A lot has been written and even more spoken about artificial intelligence (AI) and its uses. Case in point, the use of AI to make autonomous vehicles (AV) a reality. But, surprisingly, not much is discussed on pre-processing the inputs feeding AI algorithms. Understanding how input signals are generated, pre-processed and used by AI algorithms ultimately leads to the need to tightly combine advanced digital signal processing (DSP) with AI processing.
Today’s AI computing units – CPUs, GPUs, FPGAs, ASICs, Hardware Accelerators, etc – focus on the execution of the algorithms, overlooking input signals management, which, perhaps, explains why the issue has never been raised before. Until now, that is.
VSORA devised a compact and efficient approach combining advanced digital signal processing (DSP) with AI algorithmic acceleration, on the same silicon, exchanging data via on-chip large memory, setting a new standard for performance, power consumption, efficiency, area and cost. See figure 1.
Fundamentals of Autonomous Vehicles
To understand the issue, let’s consider a key AI application: autonomous vehicles. The brain or controller of a self-driving car operates on a three-stage loop: Perception, Planning, and Action. See figure 2.
In the Perception stage, the controller learns the environmental characteristics of the vehicle surroundings. This is accomplished by collecting a variety of data produced by a range of AV sensors, outside the scope of ordinary sensors monitoring the car’s status, such as oil and water temperature, oil and tire pressure, battery charge, light bulb functionality, and the like.

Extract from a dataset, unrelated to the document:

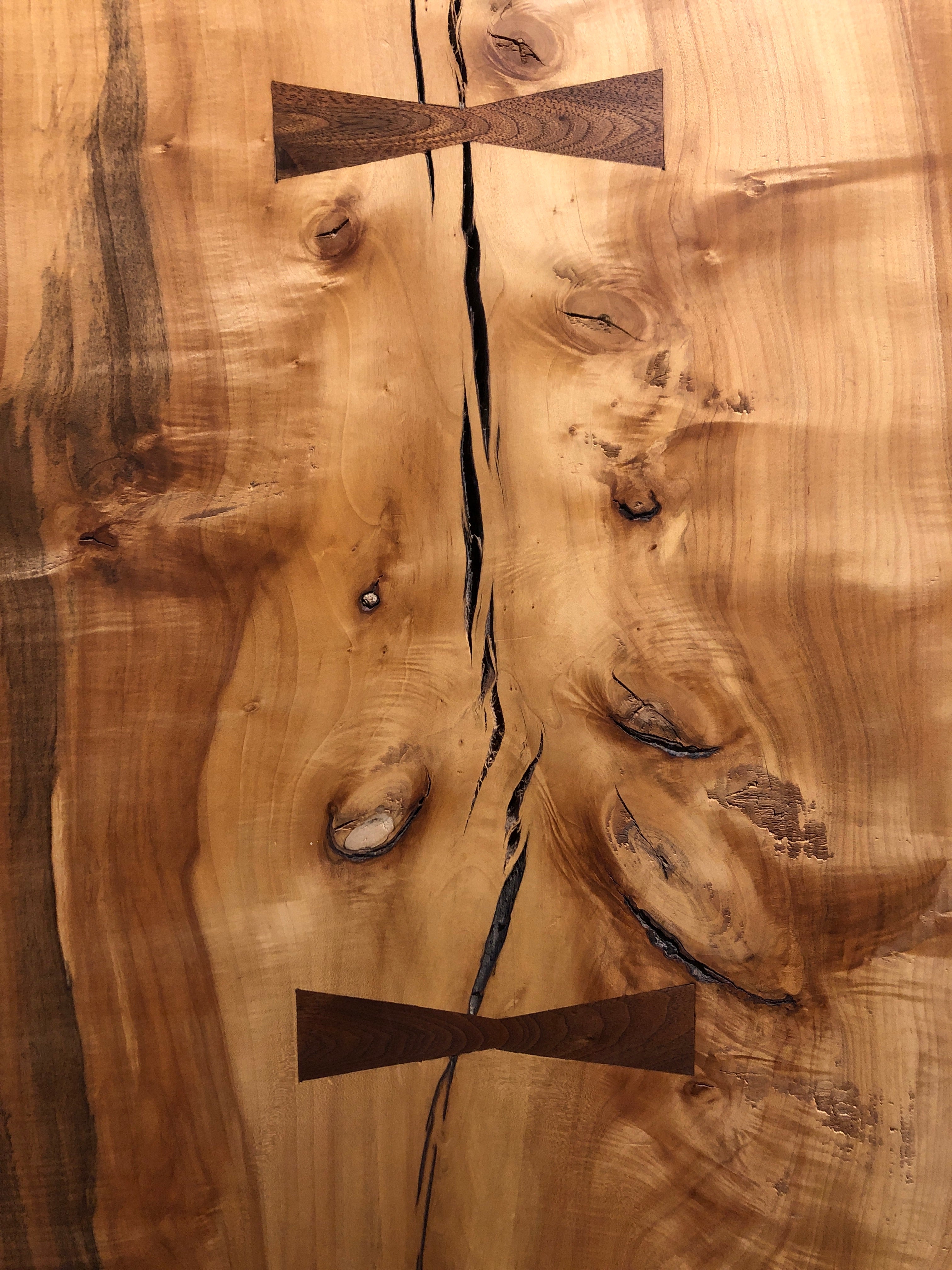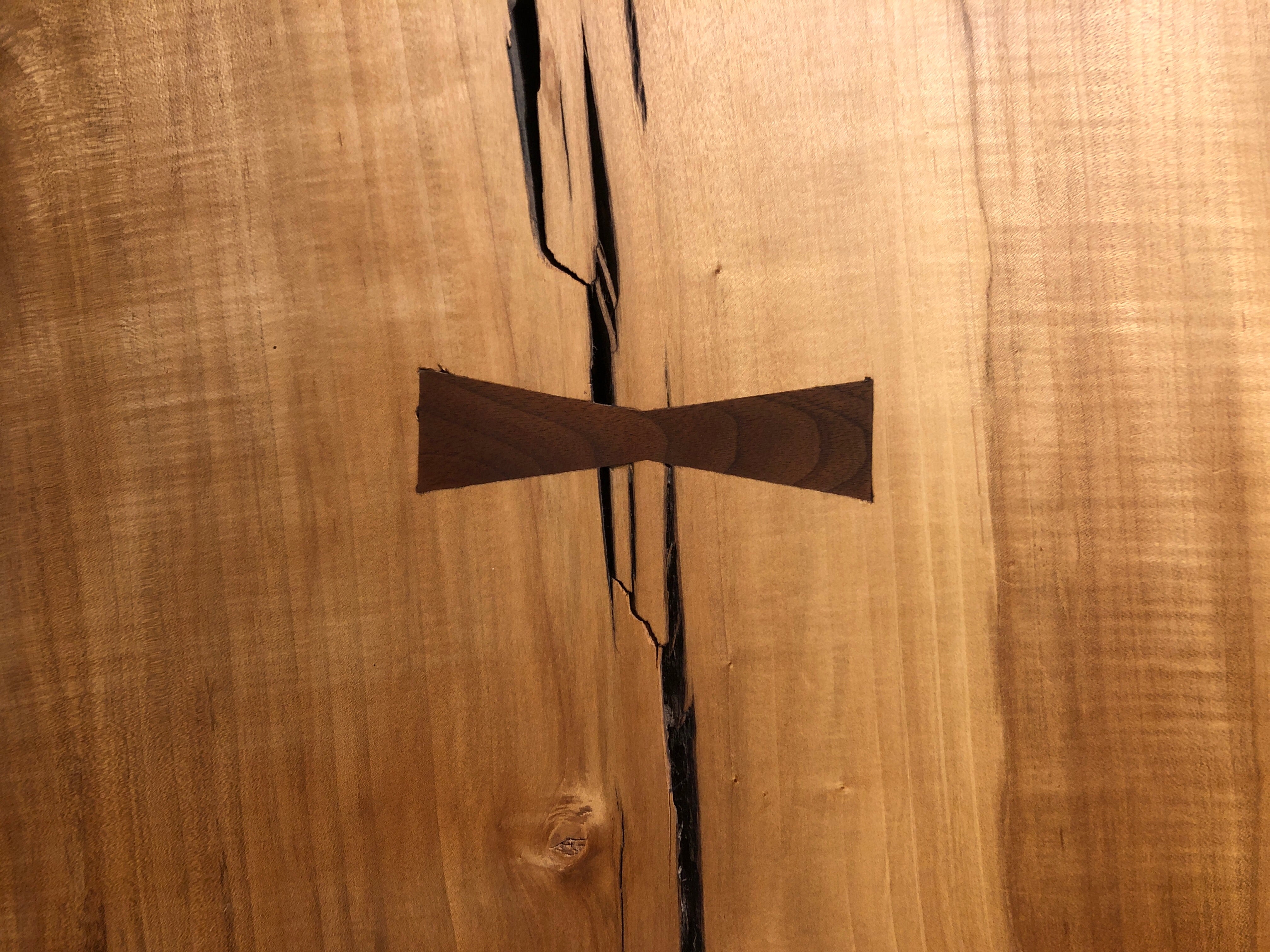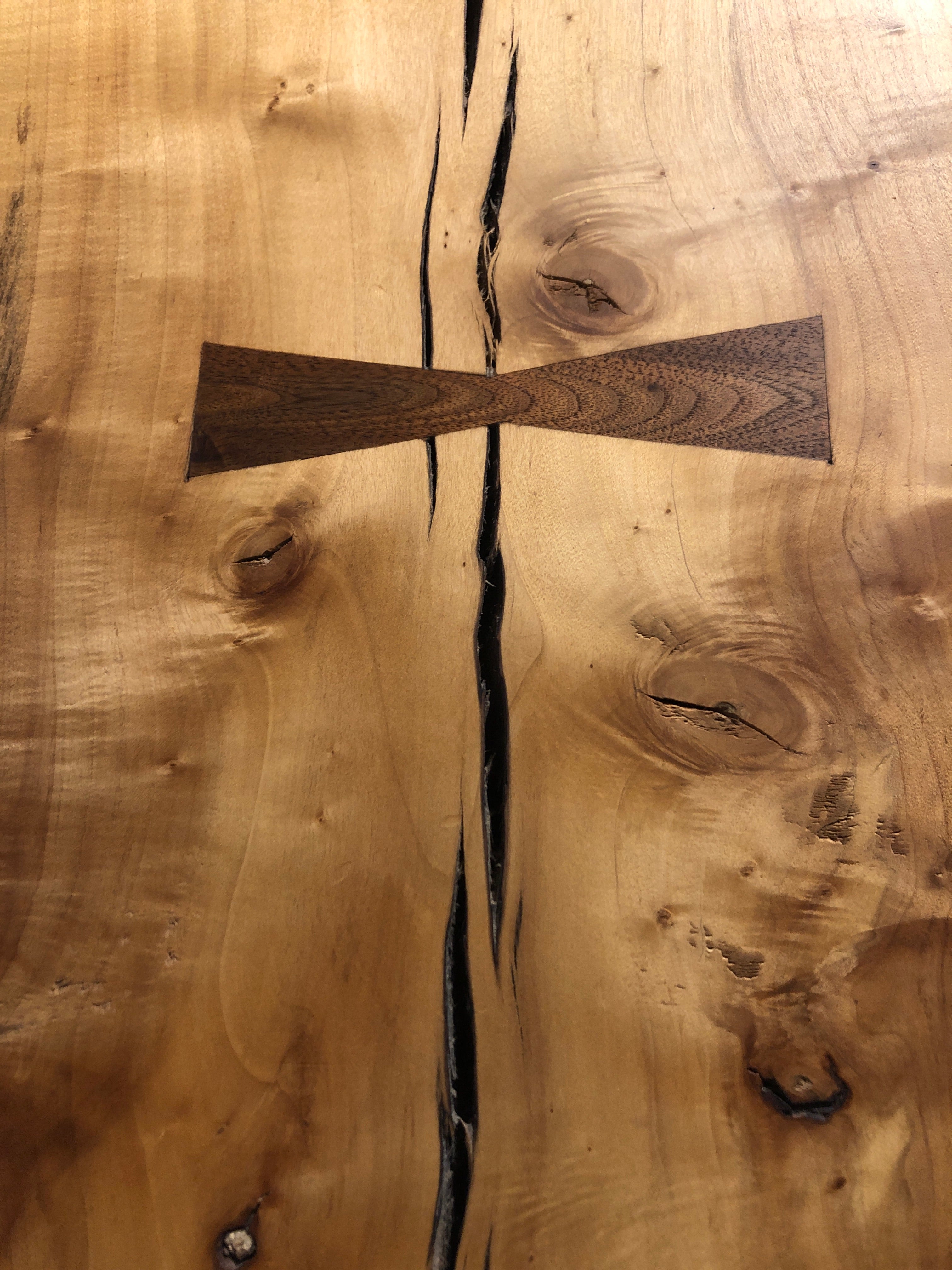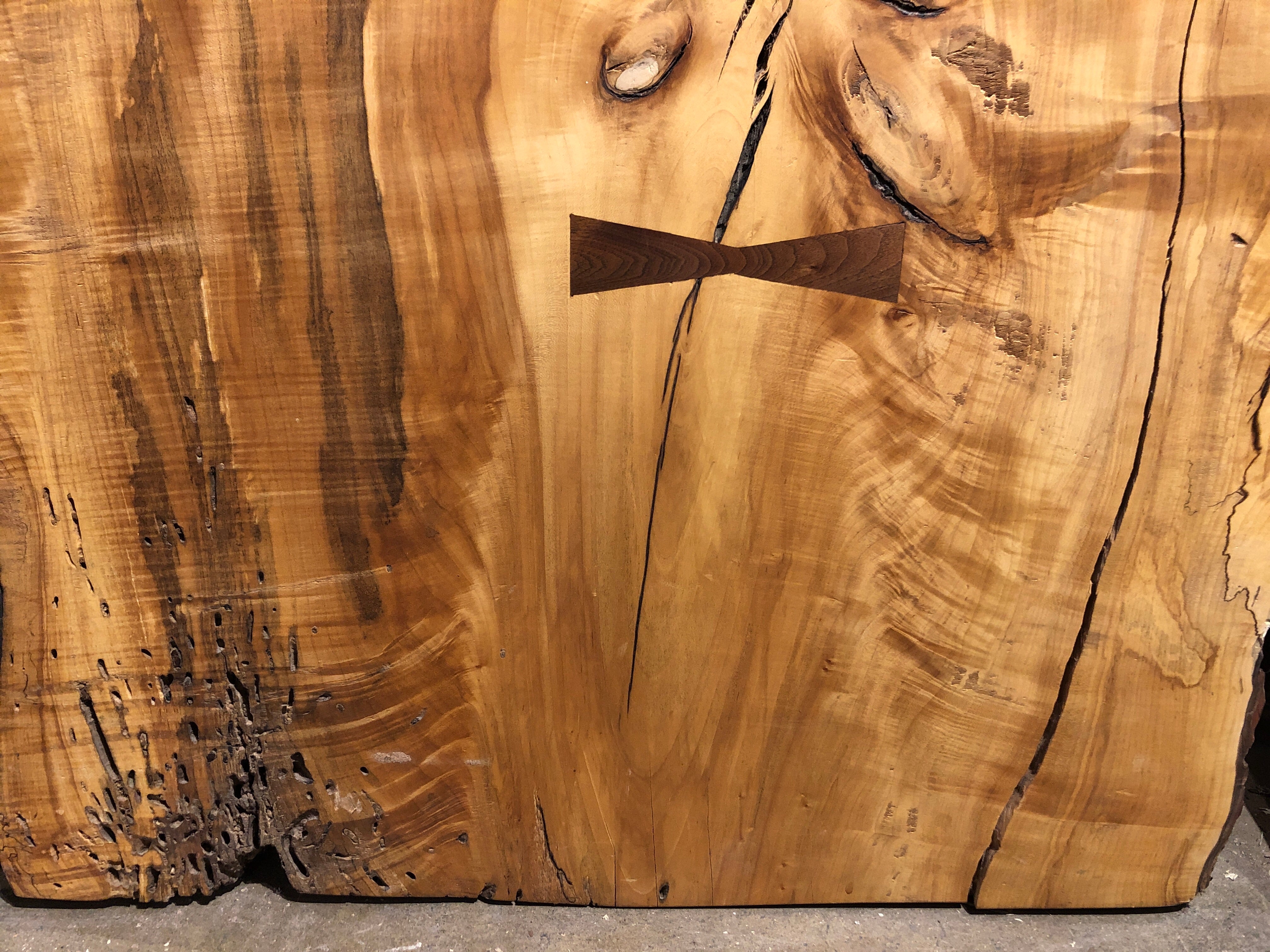 This Spalted Maple table is a breathtaking piece. Embellished with Black Walnut inlays, this piece is sure to make a statement. Heavy, thick, and finished in satin lacquer, this piece is as durable as it is beautiful. Perfect for an island top, dining table, desk and more. This piece is sold as a top only with options to purchase with a choice of fabricated steel or solid wood table base.

The AV sensors encompass a combination of different types of cameras, radars, lidars, ultrasonic devices, etc.. Actual type and quantity depend on vehicle manufacturers. For example, Tesla elected not to use lidar sensors.
The data generated by these sensors is processed via compute-intensive DSP algorithms to extract accurate and vital information to ensure safe AV driving.
The higher the level of autonomy of the vehicle, the more the vehicle relies on the accuracy and timeliness of what the sensors provide.
Autonomous Vehicle Sensors
AV sensors can be grouped in two broad classes: “cost-effective” and “high-performance.”
Both types of sensors capture data from the vehicle’s environment and elaborate it in-situ via pre-defined algorithmic processing before sending them to the controller. The difference is in the handling of pre-processed data.
In cost-effective sensors, pre-processed data is further run through local algorithms, for instance, tracking that generates lists of tracked objects dispatched upstream to the controller. For example, a sensor, be it radar, lidar or camera, may detect a series of objects in front of the car and then run them through a local image classification algorithm in an attempt to identify a pedestrian about to cross a road.
In high-performance sensors, the pre-processed data from all sensors is fed straight through to the controller where it is run through a series of algorithms. For example, fusing this data with data captured from other sensors for the same object, or clustering that combines multiple detections into bigger units, or distance transforms, or particle filter, typically some type of Kalman filter. While the data is unique to each sensor, it corresponds to objects that can be represented by vectors in the real world (x,y location, distance, direction of travel, speed, etc.). Once ensured that all the vectors from all sensors are aligned and use the same reference frame, each vector is positioned on an x-y grid in a map. The 2D map populated with the vectors encompass the vehicle environment and can be described using a 2D matrix. See figure 3.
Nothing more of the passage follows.